→ **Exercise details**:
Give back the lines below exactly, but do not include any pictures.
Available data Start Marker
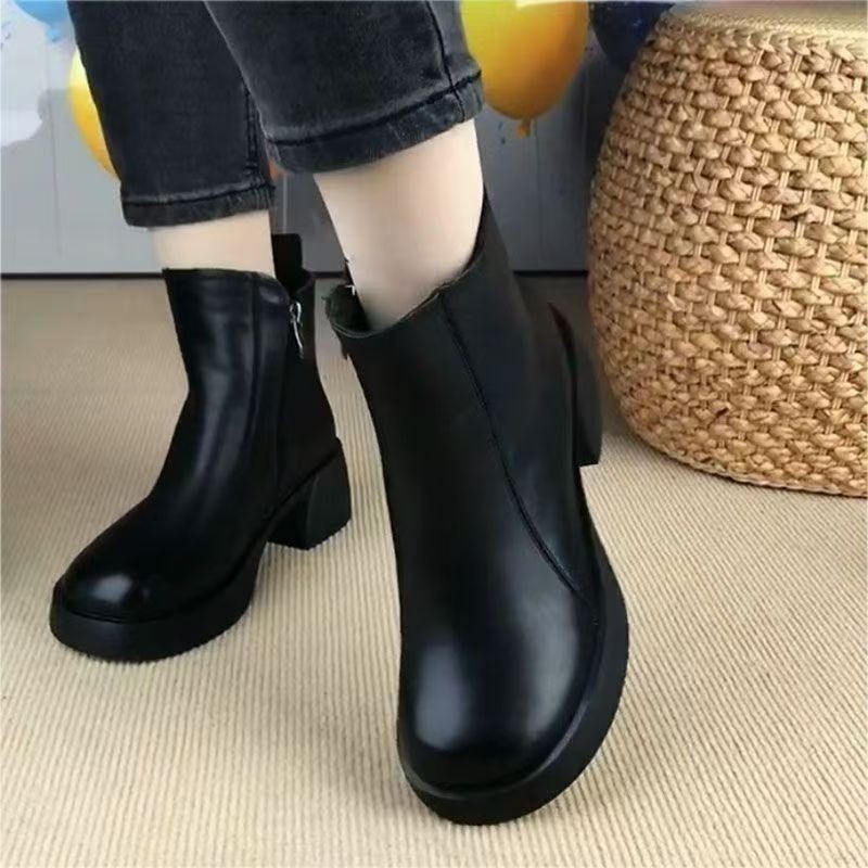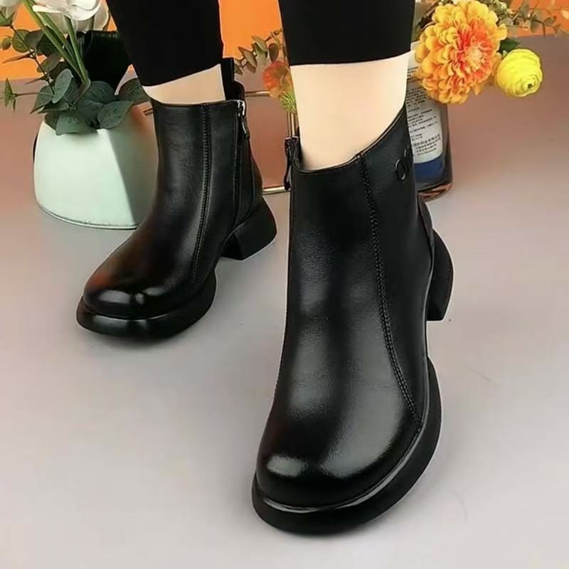 2024 가을 및 겨울 새로운 탑 레이어 Cowhide 라운드 헤드 레트로 컬러 광택 쇼트 부츠 여성 수제 여성 신발 마틴 부츠 올 매치 트렌디스토어 가기
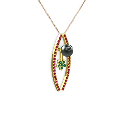 Siyah inci, rodolit garnet ve yeşil kuvars 18 ayar altın kolye (40 cm rose altın rolo zincir)
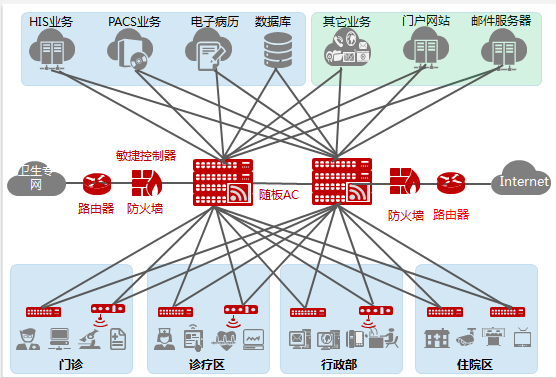 內(nèi)網(wǎng):也稱為HIS網(wǎng)絡(luò),主要承載醫(yī)療核心業(yè)務(wù),如HIS、LIS、PACS等業(yè)務(wù)數(shù)據(jù)傳輸,要求高寬帶、大容量和高速率,并需考慮未來(lái)擴(kuò)容、帶寬升級(jí)。
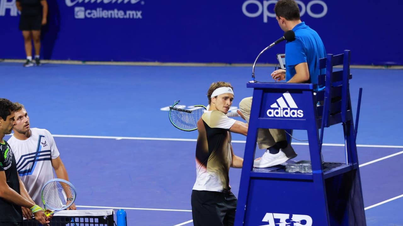 Alexander Zverev sorprendió en el Abierto Mexicano de Tenis 2022 por su explosivo temperamento que le hizo golpear con la raqueta la silla donde se encontraba el juez del encuentro de dobles que disputó la noche del martes hasta en cuatro ocasiones.
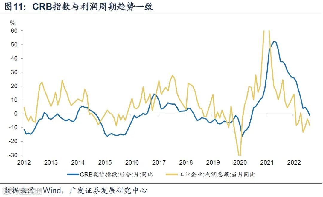 以CRB环比不变推演,则同比底部处于2023年4月,从数据历史经验来看,CRB指数与利润周期趋势高度一致。
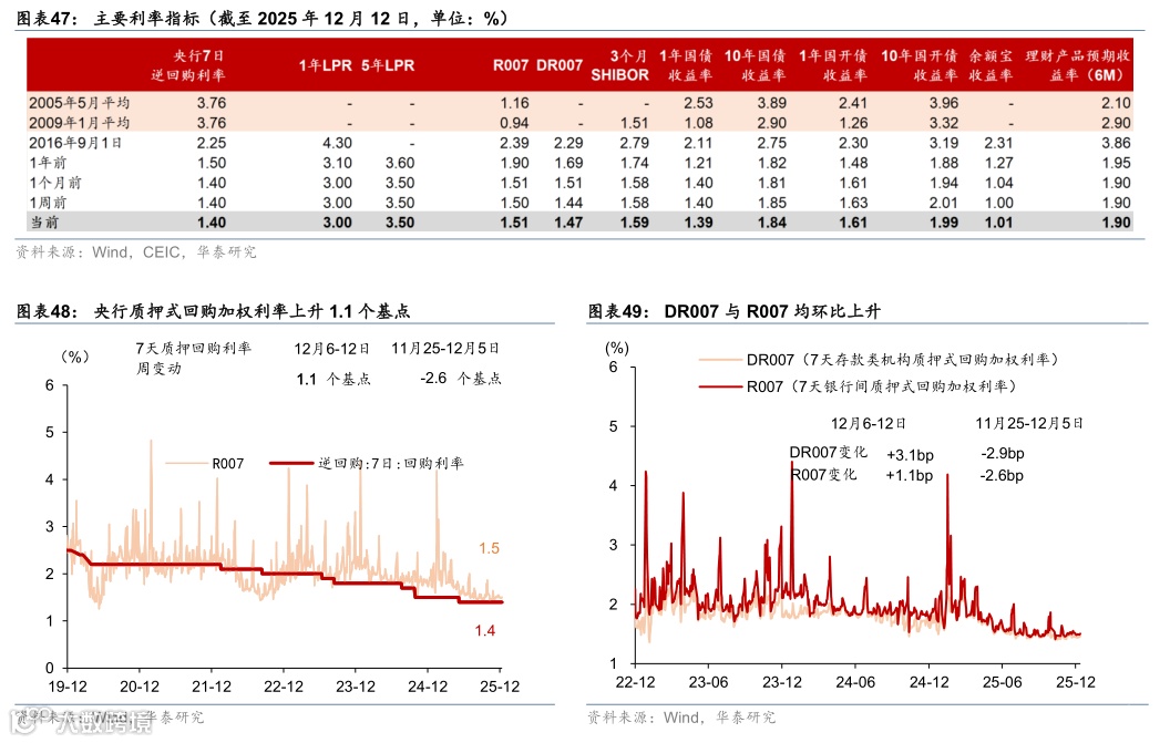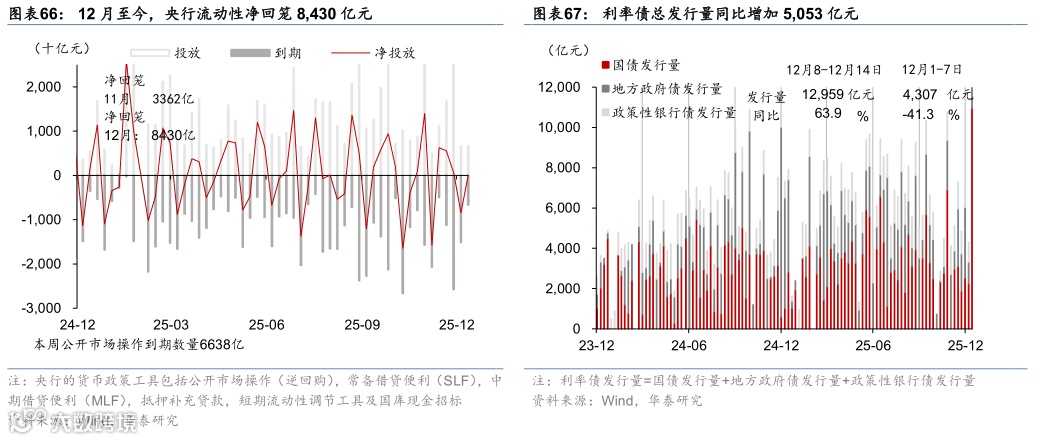 (3)12月12日,中国人民银行党委召开会议专题传达学习中央经济工作会议精神。会议提出要把促进经济稳定增长、物价合理回升作为货币政策重要考量,继续实施适度宽松的货币政策,加快推进金融供给侧结构性改革,灵活运用降准、降息等多种工具,保持流动性充裕,推动社会综合融资成本维持在较低水平,并强化与积极财政政策的协同发力,更大力度支持扩大内需、科技创新、中小微企业和民营经济,同时保持人民币汇率在合理均衡水平上的基本稳定。金融监管总局则强调要落实好全国金融系统工作会议部署,稳步推进金融高水平开放,维护金融安全,服务实体经济和房地产市场平稳发展,推进人民币国际化和数字人民币建设,确保金融基础设施安全稳定运行,为 2026 年宏观政策落地提供有力金融支撑。
Available data End Marker
→ **Solution for this problem**:
 2024 가을 및 겨울 새로운 탑 레이어 Cowhide 라운드 헤드 레트로 컬러 광택 쇼트 부츠 여성 수제 여성 신발 마틴 부츠 올 매치 트렌디스토어 가기
 Siyah inci, rodolit garnet ve yeşil kuvars 18 ayar altın kolye (40 cm rose altın rolo zincir)
 內(nèi)網(wǎng):也稱為HIS網(wǎng)絡(luò),主要承載醫(yī)療核心業(yè)務(wù),如HIS、LIS、PACS等業(yè)務(wù)數(shù)據(jù)傳輸,要求高寬帶、大容量和高速率,并需考慮未來(lái)擴(kuò)容、帶寬升級(jí)。
 Alexander Zverev sorprendió en el Abierto Mexicano de Tenis 2022 por su explosivo temperamento que le hizo golpear con la raqueta la silla donde se encontraba el juez del encuentro de dobles que disputó la noche del martes hasta en cuatro ocasiones.
 以CRB环比不变推演,则同比底部处于2023年4月,从数据历史经验来看,CRB指数与利润周期趋势高度一致。
 (3)12月12日,中国人民银行党委召开会议专题传达学习中央经济工作会议精神。会议提出要把促进经济稳定增长、物价合理回升作为货币政策重要考量,继续实施适度宽松的货币政策,加快推进金融供给侧结构性改革,灵活运用降准、降息等多种工具,保持流动性充裕,推动社会综合融资成本维持在较低水平,并强化与积极财政政策的协同发力,更大力度支持扩大内需、科技创新、中小微企业和民营经济,同时保持人民币汇率在合理均衡水平上的基本稳定。金融监管总局则强调要落实好全国金融系统工作会议部署,稳步推进金融高水平开放,维护金融安全,服务实体经济和房地产市场平稳发展,推进人民币国际化和数字人民币建设,确保金融基础设施安全稳定运行,为 2026 年宏观政策落地提供有力金融支撑。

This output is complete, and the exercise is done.